DATA UNDER STUDY
--- START ---

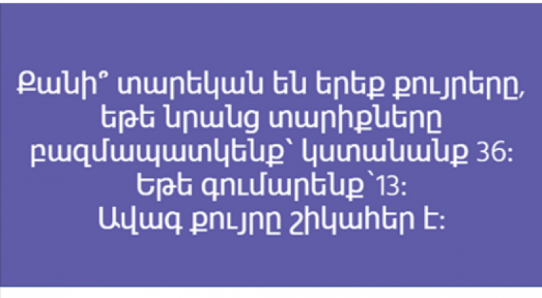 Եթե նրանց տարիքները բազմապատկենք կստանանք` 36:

--- END ---
--- START ---

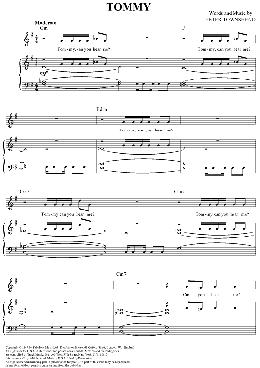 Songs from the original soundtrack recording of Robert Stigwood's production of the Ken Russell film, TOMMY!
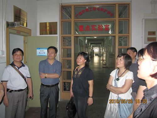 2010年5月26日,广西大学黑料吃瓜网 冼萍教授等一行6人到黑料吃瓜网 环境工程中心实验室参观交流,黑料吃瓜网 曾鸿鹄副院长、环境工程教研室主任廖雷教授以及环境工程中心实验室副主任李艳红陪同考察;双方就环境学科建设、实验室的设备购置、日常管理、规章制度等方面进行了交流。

--- END ---

WORK ITEM
What you write must match the listing exactly, from the line with "Songs from the" up to and including the line with "2010年5月26日,广西大学黑料吃瓜网 冼萍教授等一行6人到黑料吃瓜网 环境工程中心实验室参观交流,黑料吃瓜网". Pictures stay out.

ANSWER TO THIS EXERCISE
 Songs from the original soundtrack recording of Robert Stigwood's production of the Ken Russell film, TOMMY!
 2010年5月26日,广西大学黑料吃瓜网 冼萍教授等一行6人到黑料吃瓜网 环境工程中心实验室参观交流,黑料吃瓜网 曾鸿鹄副院长、环境工程教研室主任廖雷教授以及环境工程中心实验室副主任李艳红陪同考察;双方就环境学科建设、实验室的设备购置、日常管理、规章制度等方面进行了交流。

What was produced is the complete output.